Sur ce point précis non plus, François Hollande n’a pas tout à fait répondu aux attentes tchèques, puisque s’il a assuré qu’il ne s’agit de « mettre en cause la libre circulation y compris pour le transport par camions », il convient toutefois selon lui de « lutter contre un certain nombre d’abus et de fraudes » concernant les travailleurs détachés en adaptant « des principes fixés en France en conformité avec les règles européennes ».Concernant les échanges commerciaux proprement tchéco-français, François Hollande a expliqué que différents projets dans les domaines des transports, comme le TGV, mais aussi de l’énergie, notamment nucléaire, et de l’industrie de la défense ont été évoqués.
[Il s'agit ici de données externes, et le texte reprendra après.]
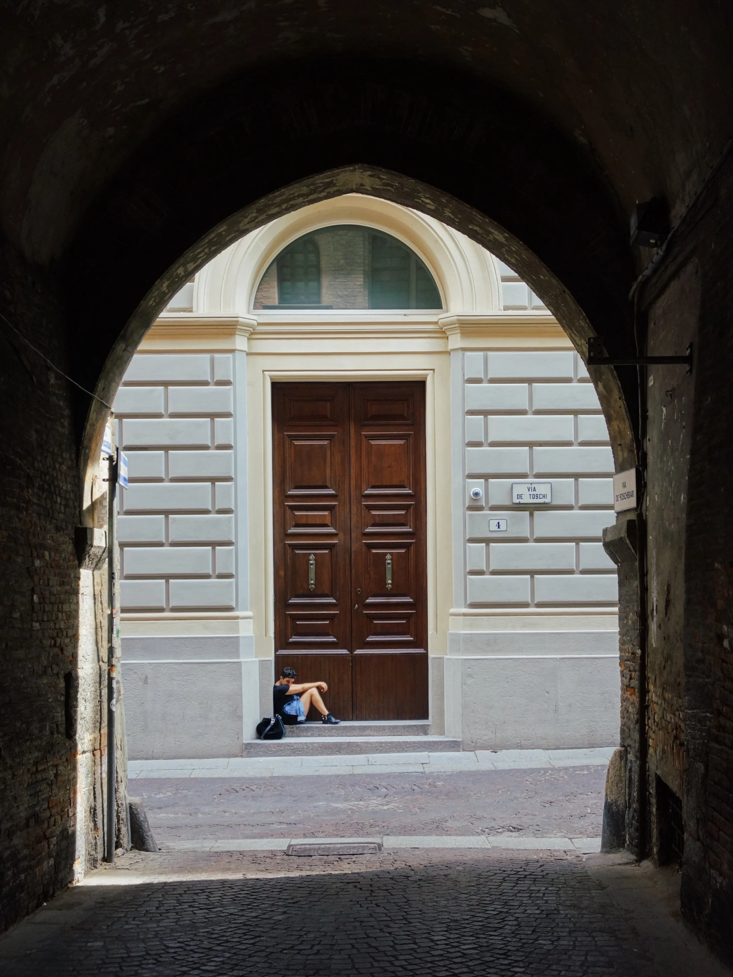 I made some good friends living in Milan and Agnès is one of them. A talented linguist and writer, Agnès and I were colleagues at the USA Pavilion during Expo. She studied in Bologna and wanted to show me the city she once called home. We went on ferragosto so it was quiet as most people vacate cities for the seaside during this time. This moment highlights just how quiet the city was. These streets would typically be bustling with students and residents, however since it was a slow day in August, I was able to spot Agnès resting yards away and get a quick candid of her.
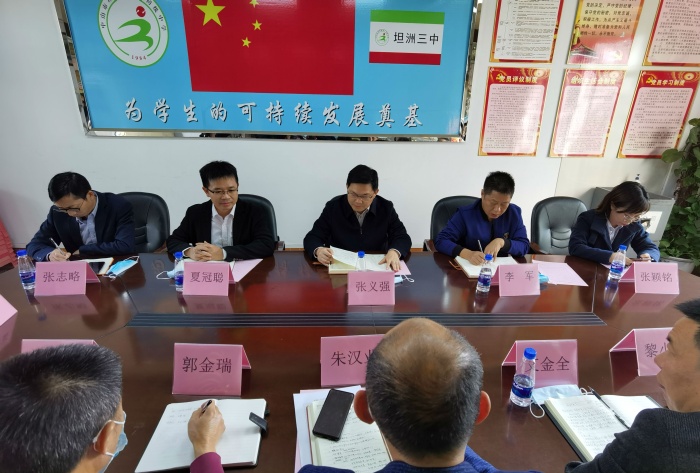 2021年12月18日下午,中山市坦洲镇党委书记张义强、党委委员李军、夏冠聪、教体文旅局局长张颖铭、教育和体育事务中心主任张志略到坦洲镇第三初级中学开展调研工作。
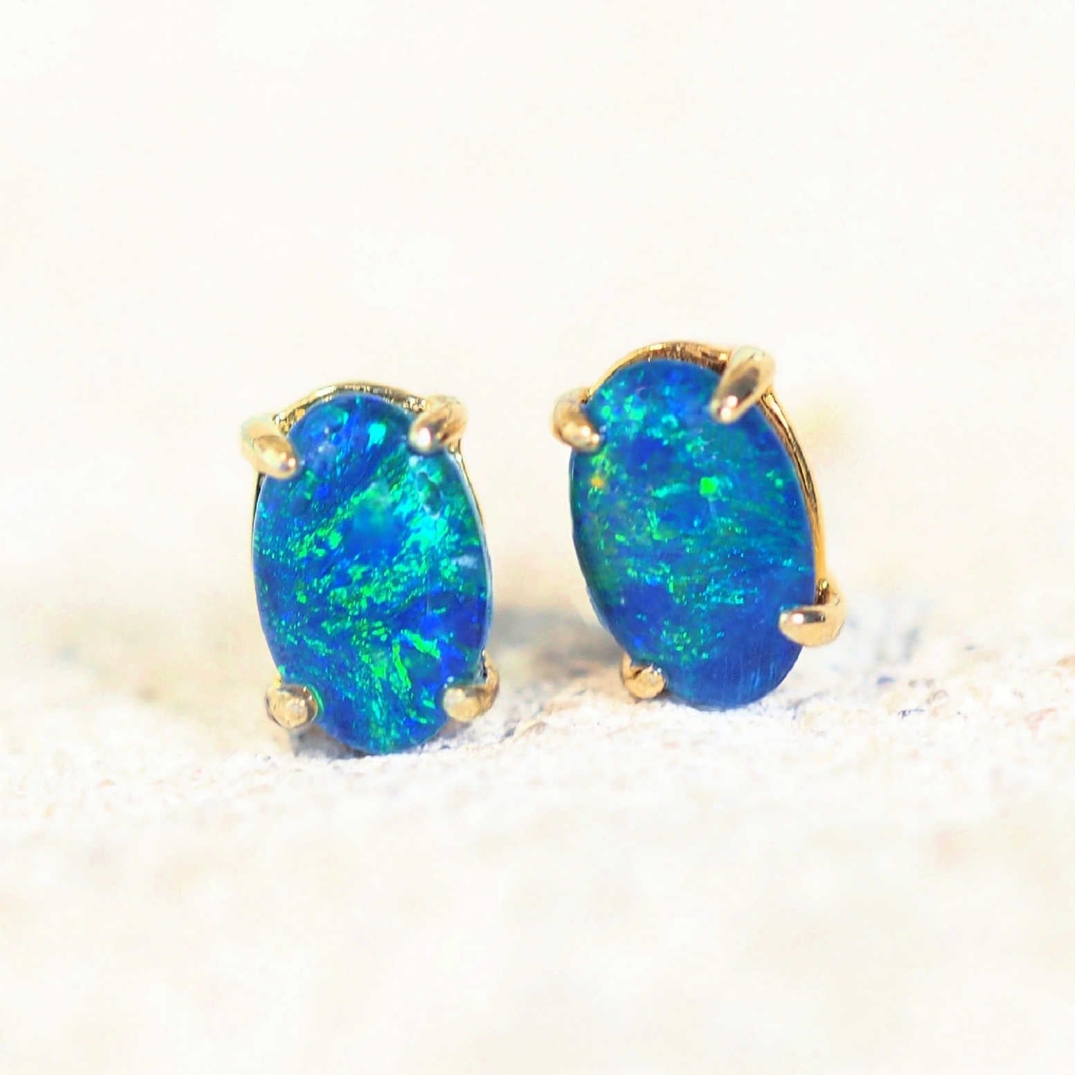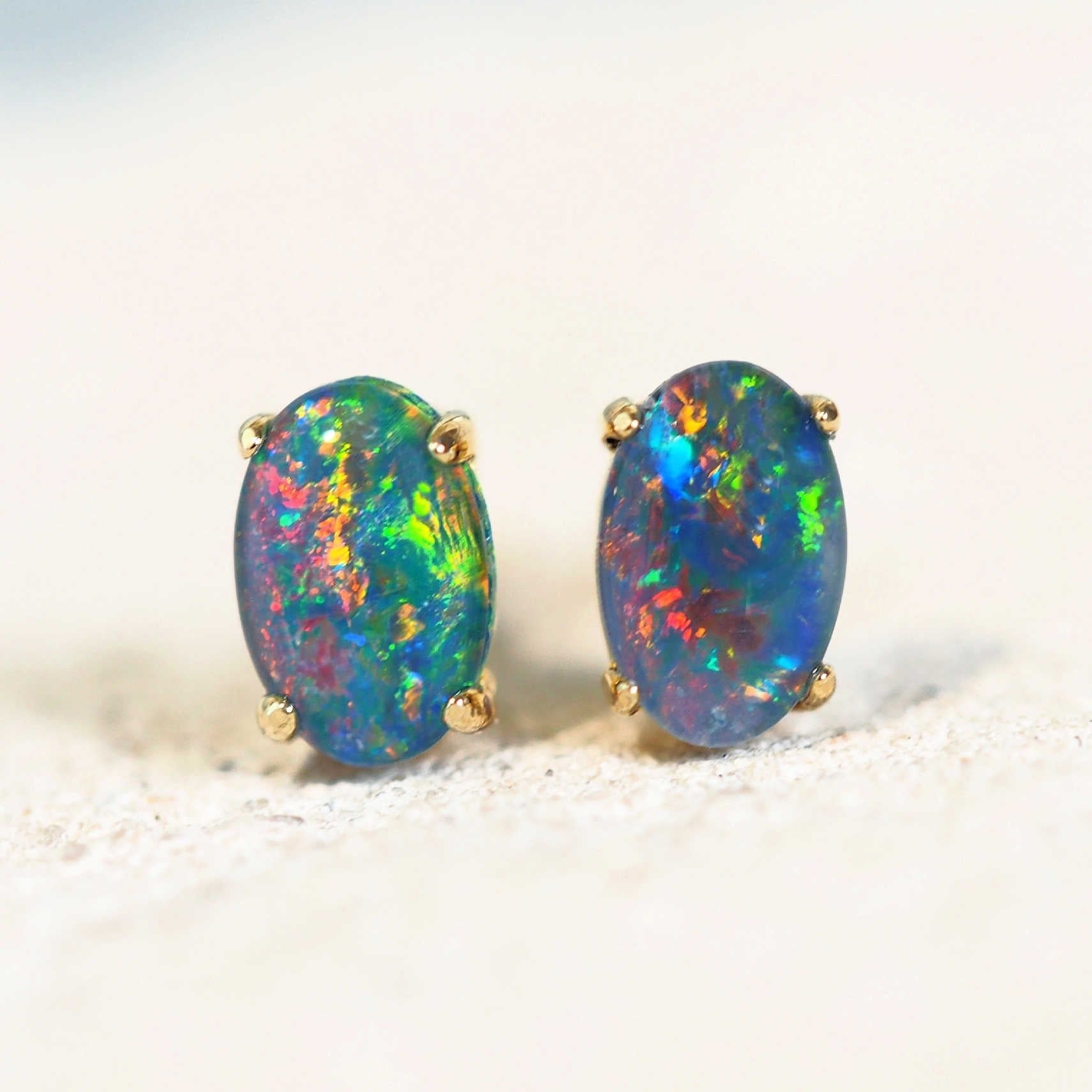 Say hello to Gia Petite, your new go-to for timeless opal elegance. These petite gold-plated silver stud earrings feature stunning oval-shaped Australian triplet opals, claw-set for a secure and polished look. Perfect for adding a touch of sparkle to any outfit, the Gia Petite earrings are all about bringing out your inner glow with their vibrant multi-colored or blue-and-green hues.

Enfin, le Premier ministre Bohuslav Sobotka a fait part de son désir de voir la France participer activement aux célébrations qui seront organisées en 2018 pour le centenaire de la création de l’Etat tchécoslovaque. La France a été le premier pays à reconnaître la Tchécoslovaquie en 1918, comme l’a rappelé François Hollande :
« La France l’avait fait aussi parce que les Tchèques étaient venus se sacrifier pour elle. Les Tchèques ont donné leur sang pour que la France puisse être libre. Il était donc légitime qu’elle soit le premier pays à reconnaître la Tchécoslovaquie. Il est toujours utile de rappeler l’histoire si nous voulons être conscients de nos responsabilités pour aujourd’hui et pour demain. »
Un rappel qui n’a pas satisfait les journalistes français présents à Prague, peu soucieux de ces considérations historiques et qui espéraient plutôt une annonce de François Hollande concernant son éventuelle candidature à l’élection présidentielle… C’est donc déçus que eux ont quitté la République tchèque et regagné Paris.